▸ EXERCISE INSTRUCTIONS
All of the listing below must be repeated word for word. Pictures are the only thing to omit.

▸ DATA

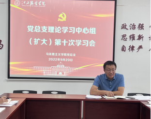 最后,学院院长肖杰同志对本次学习进行总结讲话,肖院长强调作为一名党员、一名思政课教师要有高度的政治自觉,要将理论学习与教学工作密切联系在一起;要将所学的知识融入思政课教学当中,要具有学术性、学理性、逻辑性的阐述表达;同时要增强学习效果,可以通过领学、交流学、体验学等多种学习方式,创新学习机制,提高学习效果,切实将理论学习运用到实践当中,营造良好的学习氛围,积极营造喜迎党的二十大的浓厚氛围。
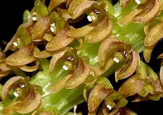 De bloemen zijn al dan niet geresupineerd en groen, bruin, geel, roze of paars gekleurd. De kelkbladen zijn vrijstaand of gefuseerd, de kroonbladen smaller en steeds vrijstaand. De bloemlip is drielobbig of uit één stuk, soms hol aan de basis, zonder mentum of callus maar met onduidelijke longitudonale richels, parallel aan het gynostemium. De helmknop draagt vier kegelvormige, wasachtige pollinia in paren van twee.
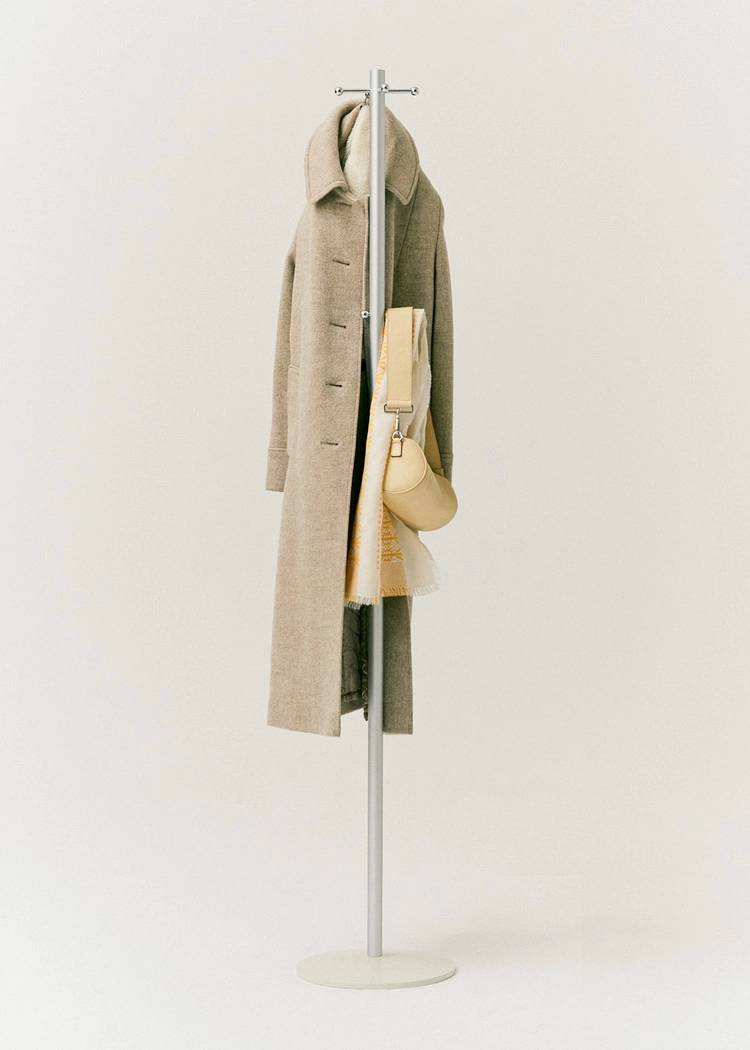 기능적이면서도 간결한 라인의 코트스탠드로 자주 입는 옷을 걸어두는 상단 행거와 길이 조절이 가능한 중간부 행거로 구성되었습니다. 데일리백이나 머플러 등을 자연스럽게 걸쳐두는것 만으로 스타일링이 되는 제품입니다.

▸ WRITTEN REPLY
 最后,学院院长肖杰同志对本次学习进行总结讲话,肖院长强调作为一名党员、一名思政课教师要有高度的政治自觉,要将理论学习与教学工作密切联系在一起;要将所学的知识融入思政课教学当中,要具有学术性、学理性、逻辑性的阐述表达;同时要增强学习效果,可以通过领学、交流学、体验学等多种学习方式,创新学习机制,提高学习效果,切实将理论学习运用到实践当中,营造良好的学习氛围,积极营造喜迎党的二十大的浓厚氛围。
 De bloemen zijn al dan niet geresupineerd en groen, bruin, geel, roze of paars gekleurd. De kelkbladen zijn vrijstaand of gefuseerd, de kroonbladen smaller en steeds vrijstaand. De bloemlip is drielobbig of uit één stuk, soms hol aan de basis, zonder mentum of callus maar met onduidelijke longitudonale richels, parallel aan het gynostemium. De helmknop draagt vier kegelvormige, wasachtige pollinia in paren van twee.
 기능적이면서도 간결한 라인의 코트스탠드로 자주 입는 옷을 걸어두는 상단 행거와 길이 조절이 가능한 중간부 행거로 구성되었습니다. 데일리백이나 머플러 등을 자연스럽게 걸쳐두는것 만으로 스타일링이 되는 제품입니다.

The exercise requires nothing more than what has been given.